The US election result triggered the S&P 500 Index to push to new highs and left it up +7.04% over the month, with the technology heavy Nasdaq up a similar amount. The biggest and most surprising move was the Russell 2000 Index (a US smaller companies index), which rallied over +12.21%. This proved to be a standout performer in the US as well as the global stage. Optimism that Trump will lower taxes and provide further economic stimulus was well received by markets. However, we are a little more cautious on this narrative which is just a bit too optimistic in our eyes when considering the difficult trade and tariff discussions that lie ahead.

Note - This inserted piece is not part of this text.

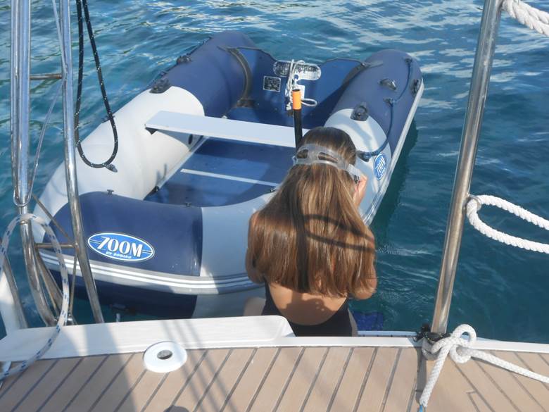 Elle finit, on ne peut pas la tenir éloignée de l’eau bien longtemps, par accompagner Cap au Sud pour un petit tour en annexe, à la rame.

Trump has already opened his salvo here by focusing on a level of tariffs for the Emerging Markets, Canada and South America. This of course brings worries from our perspective. Anything being taxed on its way into the US will inflate prices. It is quite clear that analysts are finding it difficult to judge what impact this may have, although one thing has been clear, inventory build is high. Companies are importing goods and raw materials ahead of any imposition of tariffs to keep cost pressures down. Meanwhile, the Federal Reserve will make an interest rate announcement in the middle of December, it is unlikely this rate cut will surprise, but eyes will be firmly on the forward guidance they offer on the pace of future reductions.

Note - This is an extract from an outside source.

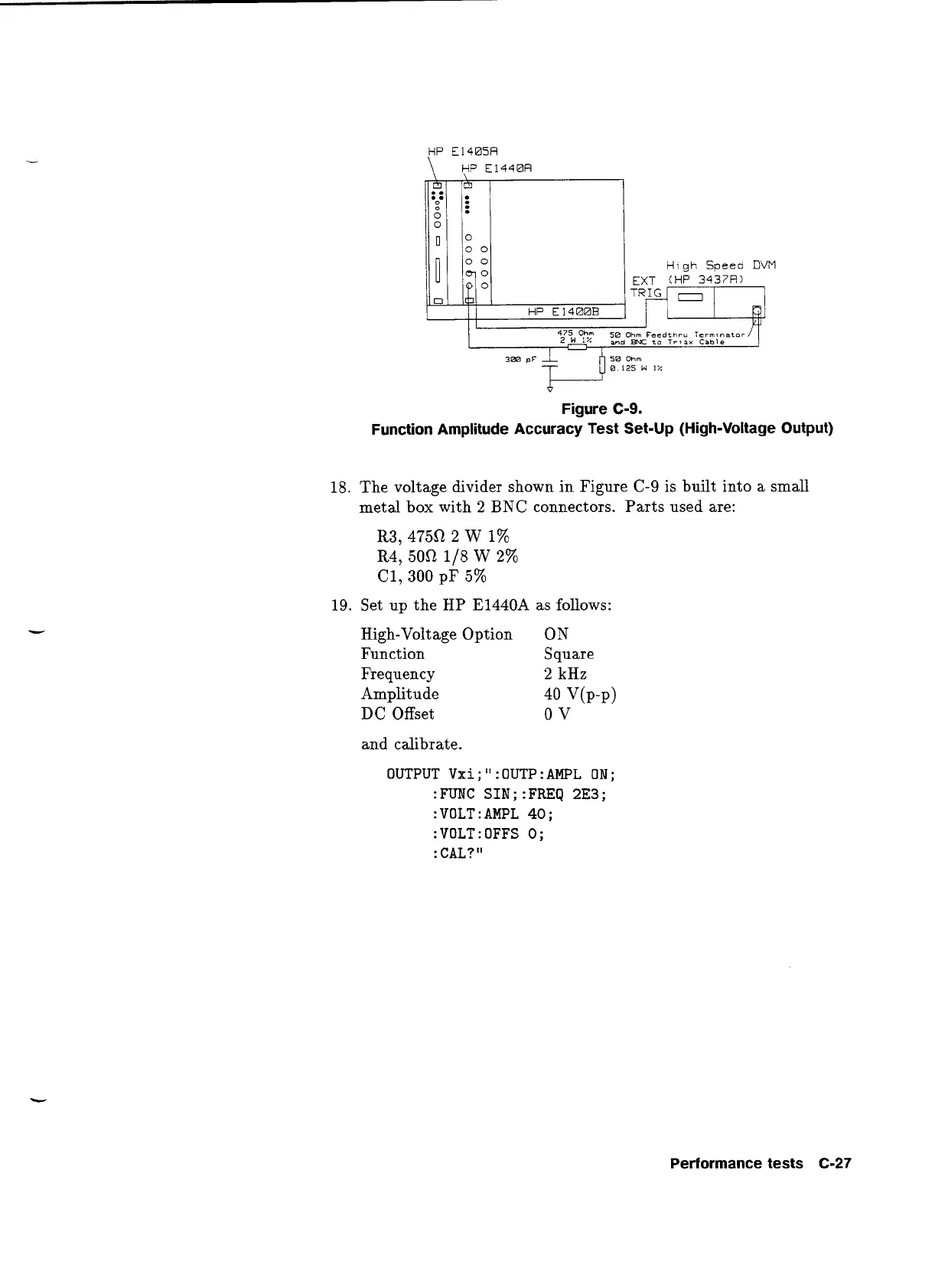 HP E1440A - Function Amplitude Accuracy Test Set-Up (High-Voltage Output

In the UK, heavy reliance on US consumption benefitted returns, as the FTSE 100 Index rallied +2.61% during the month, with the FTSE 250 Index not far behind, up +2.10%. The UK economic data during the month showed slowing manufacturing but a resilient services sector, although it should be noted that. the UK economy is heavily focused on services.
Europe took the brunt of the market underperformance during November, with the Eurostoxx Index 50 down -2.72%. Worries around US tariffs, uncertainty of Trumps support for Russia/Ukraine followed by the announcement of German elections in February next year, were topped off with French debt worries. The French government has tried to push through tax rises and spending cuts and are yet to see this approved by parliament at the time of writing. European bond yields (the level of interest paid by a bond), had been on there way down across the continent, yet it was unsurprising that French yields bucked this trend. It did amuse us to read that Greek debt was now yielding less than that of France. While this is true, it is more a matter of a positive Greek economic backdrop than a terrible situation for France (so far). We remain pleased to have a smaller holding in European companies than the portfolios’ benchmarks, ahead of this which has been reaffirmed on the back of the recent uncertainty.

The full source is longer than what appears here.